Sorry folks, I guess I should do some explaining. I'm not trying to complain about the prices in the pics; ALL AMMO IS HIGH. I guess I live in a fantasy world and still think of.38 spl as $8 per box ammo. What I am showing is inconsistent pricing. For the Winchester, 50 rounds of 130 gr FMC is $16.47. If I bought 2 boxes (100 rounds) it would be $32.94. OR I could buy the 100 round "value pack" for $34.97. A loss of nearly $2. Wheres the value in that? Now the Remington is another matter. In side-by-side comparison here, not only do you get a better round (if your pistol is rated for +P ammo), you save about $2 for the JHP rounds.


----------



## kaferhaus (Oct 8, 2009)

VA Boy said:


> Sorry folks, I guess I should do some explaining. I'm not trying to complain about the prices in the pics; ALL AMMO IS HIGH. I guess I live in a fantasy world and still think of.38 spl as $8 per box ammo. What I am showing is inconsistent pricing. For the Winchester, 50 rounds of 130 gr FMC is $16.47. If I bought 2 boxes (100 rounds) it would be $32.94. OR I could buy the 100 round "value pack" for $34.97. A loss of nearly $2. Wheres the value in that? Now the Remington is another matter. In side-by-side comparison here, not only do you get a better round (if your pistol is rated for +P ammo), you save about $2 for the JHP rounds.

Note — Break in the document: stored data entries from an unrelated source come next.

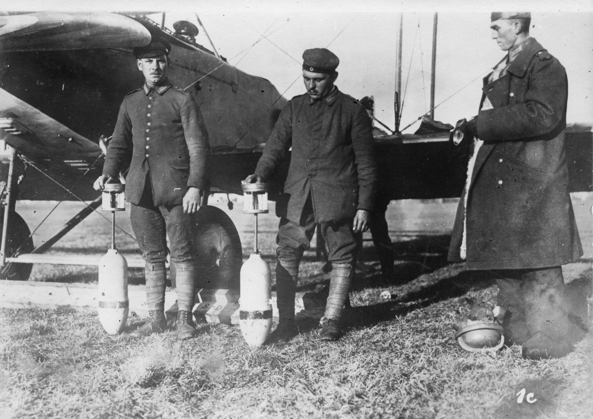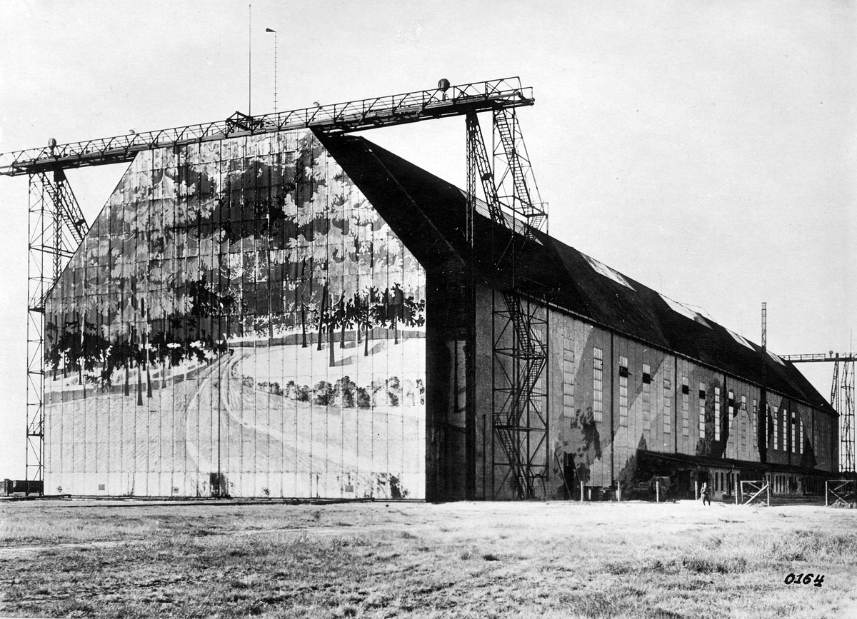 Första världskriget: Tysk luftskeppshall, vars gavlar bemålats med landskap, och sidorna med ränder i olika färger, för att härigenom vilseleda fientliga flygare.
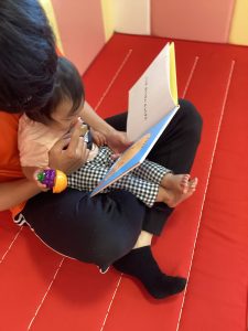 先生のお膝に座ってほっこり絵本タイム📕
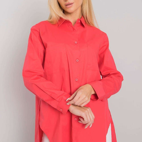Coral cotton shirt with a longer cut and long sleeves. The shirt is buttoned. Cotton 97 % Spandex 3 % Size Total length Chest one-size-fits-all 87 cm 116 cm
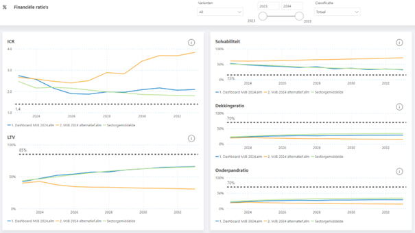Nu de resultaten in het Dashboard staan, is het tijd om de resultaten te analyseren. Hieronder zijn als voorbeeld 2 varianten weergegeven. Één basisvariant en één alternatief scenario. De derde lijn, het sectorgemiddelde, is automatisch zichtbaar in een aantal rapporten.
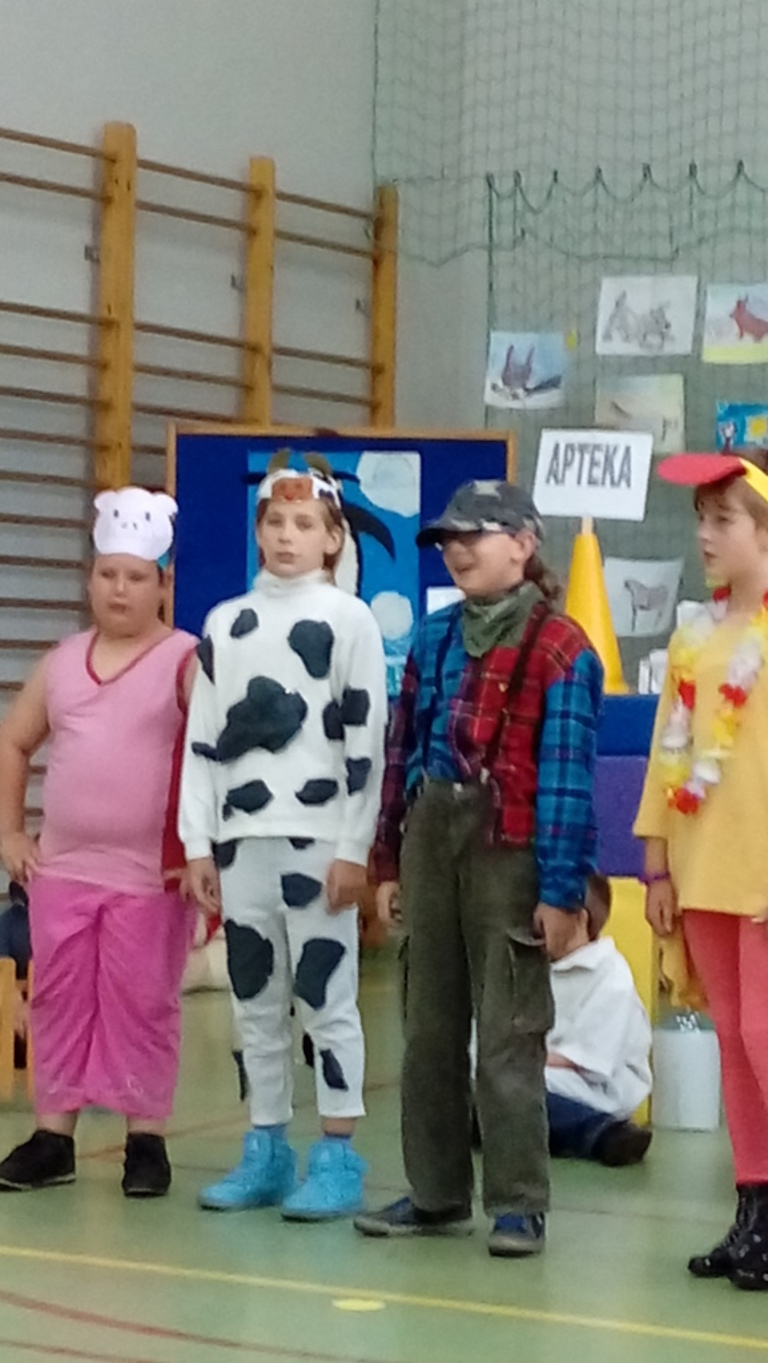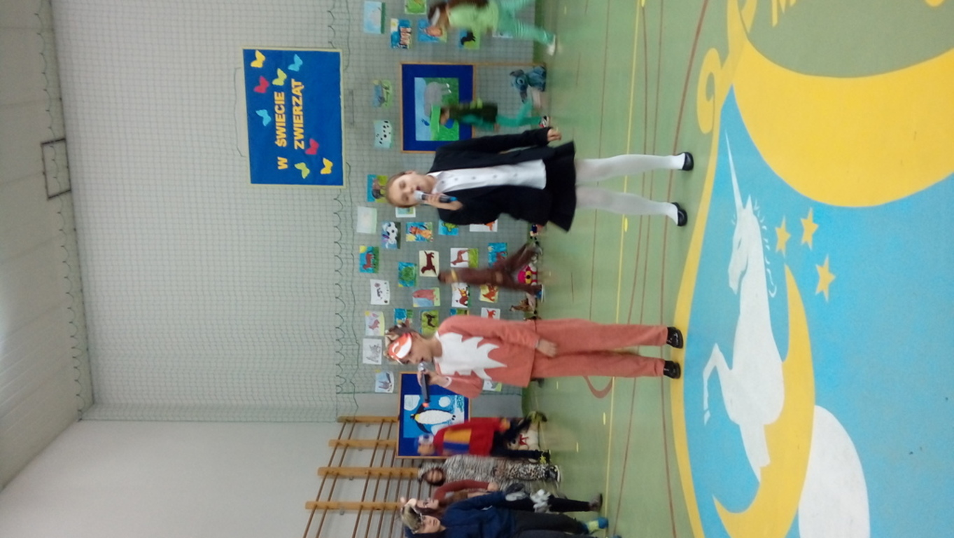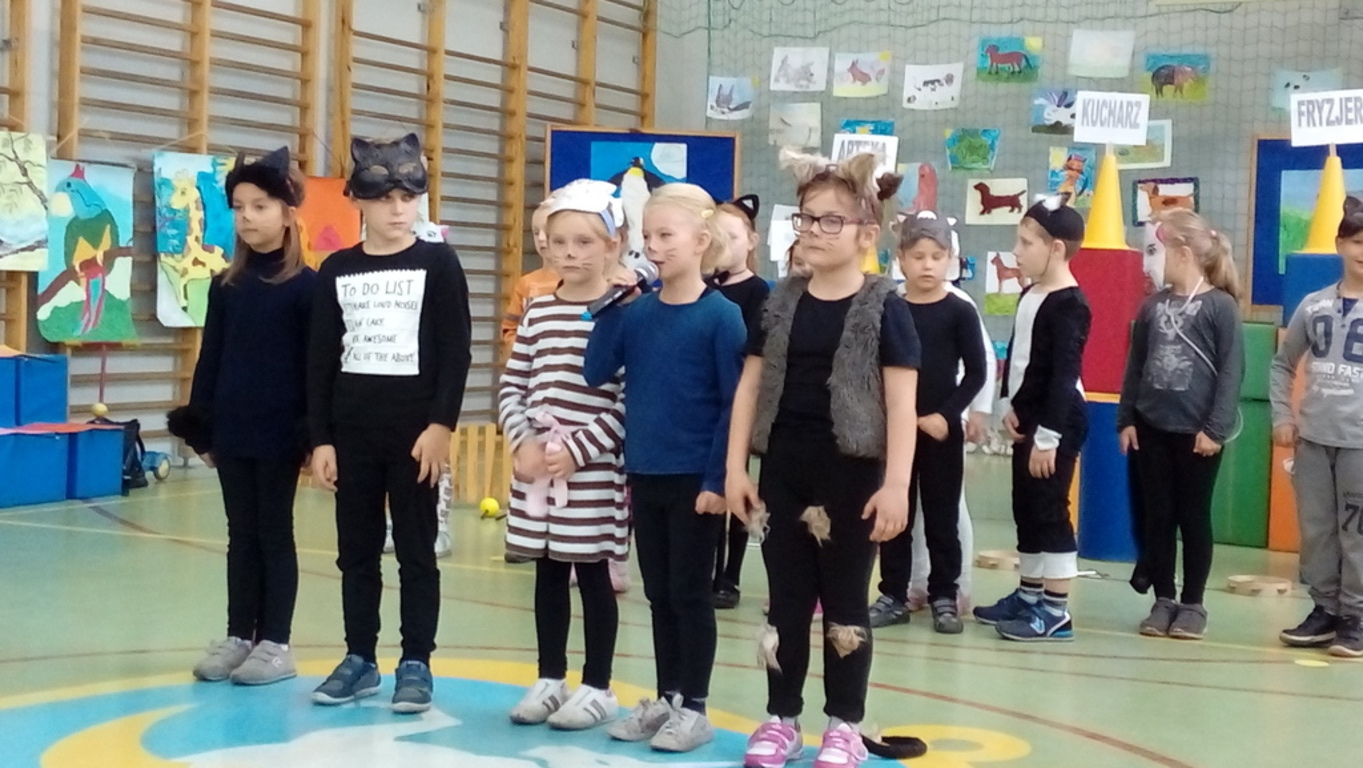 Uczniowie w pięknych przebraniach popisywali się na scenie przy ogromnym aplauzie publiczności. Klasa II a zaprezentowała się w występie tematycznie związanym z kotami, klasa II b w programie o pieskach zaś klasa III w zabawny sposób opowiedziała o zwierzętach domowych. Starsze klasy zabrały nas na wycieczkę do ZOO.

Walmart is famous for that. Not just on ammo either. You have to be very careful when buying "family size" grocery items as well. The larger quantity items are often more expensive per ounce than the smaller ones are....

So is Sams Club.... owned by Walmart of course.


----------



## FrankwT (Jul 25, 2010)

kaferhaus said:


> Walmart is famous for that. Not just on ammo either. You have to be very careful when buying "family size" grocery items as well. The larger quantity items are often more expensive per ounce than the smaller ones are....
> 
> So is Sams Club.... owned by Walmart of course.

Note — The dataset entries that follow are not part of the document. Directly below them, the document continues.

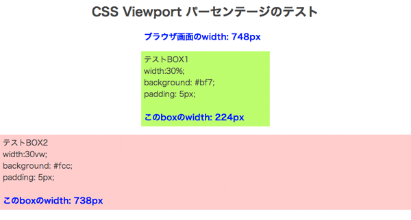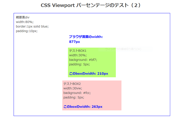 二つboxを重ね、上は、「width:30%」に、下は、「width:30vw」にしてあります。30vwは、viewportで指定(もしくは無指定)したサイズを100 とした割合になるので、30%となり、上のboxも、ここではviewportサイズと同じbodyに対する30%になりますので、対応ブラウザでは、二つのboxは同じ幅に見えます。
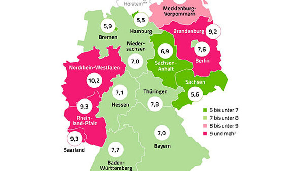 Am niedrigsten war der Anteil der Sechs- bis Neunjährigen mit MIH in Hamburg (5,5 Prozent), und am höchsten in NRW (10,2 Prozent). Demnach kommt schwere MIH vor allem bei Kindern im Westen und Nordosten Deutschlands vor, so Dr. Ursula Marschall, Leitende Medizinerin bei der BARMER.
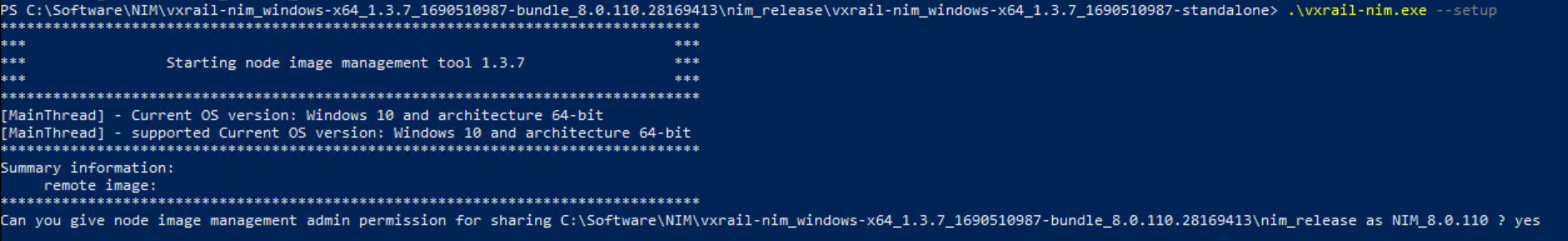 Next run the NIM client tool: .\vxrail-nim.exe --setup and provide the permissions for sharing:
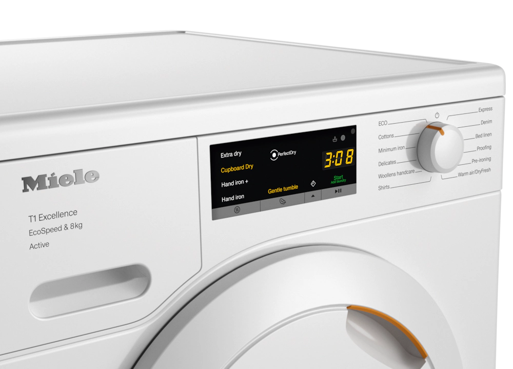 The Miele TEA525WP 8kg Heat Pump Tumble Dryer offers energy-efficient drying with an A+++ rating, saving you money while caring for your laundry. Its innovative EcoDry technology and Honeycomb Drum ensure gentle yet effective drying, while sensor drying and 12 programmes deliver precision for all fabric types. The LED drum light, anti-crease function, and fragrance flacon add convenience and freshness to every load. With a sleek white design, rotary dial, touch controls, and intelligent features like automatic load recognition, this freestanding dryer is perfect for modern homes. The included drain hose and compact design make installation hassle-free.
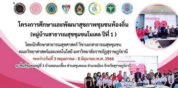 คณะวิทยาศาสตร์และเทคโนโลยี มหาวิทยาลัยราชภัฏสุราษฎร์ธานี ได้จัด “โครงการศึกษาและส่งเสริมสุขภาพชุมชนท้องถิ่น (สาธารณสุขชุมชนโมเดลปีที่1)” โดยมีวัตถุประสงค์เพื่อเพิ่มเสริมประสบการณ์ตรงให้นักศึกษาให้ได้เรียนรู้การทำงานบริการวิชาการด้านสุขภาพในสถานการณ์จริงนอกเหนือจากการจัดการเรียนการสอนภายในรั้วมหาวิทยาลัย โครงการนี้เป็นโครงการที่นักศึกษาและคณะอาจารย์ได้ร่วมกันระดมความคิดและออกแบบโครงการเพื่อให้นักศึกษาและทุกภาคส่วนอันจะทำเกิดการเรียนรู้ร่วมกันด้านสุขภาพในพื้นที่
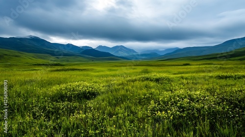 Fototapeta premium Lush green landscape with rolling hills under a dramatic cloudy sky...

Yep noticed that on many grocery side items...good catch!


----------



## Gravity3694 (May 10, 2011)

FrankwT said:


> Yep noticed that on many grocery side items...good catch!


I always do my own math to price out the cost per unit. In bulk its generally cheaper since you save the company the cost of packaging two separate items.


----------



## wellshoot! (Jan 26, 2009)

Yep, I buy mine when and wherever the bulk prices look good. Some times it's at Wally World, and others it may be Academy or even Bass-Pro. 'course, I'd be willin' to pay more at Bass-Pro if they had girls in bikinis and skates bring your order out to ya....


----------



## welldoya (Oct 5, 2007)

In the first picture, the 50 round Remington box is regular .38 (probably FMJ) and the 100 round is +P JHP which is a much better deal.


----------



## mitchell master (May 23, 2012)

i stocked up in nov before barrack got into office and everybody went buy happy 223 189.00 per 1000/pcm 40 at 7.95 box of 50 and i bought unuff.


----------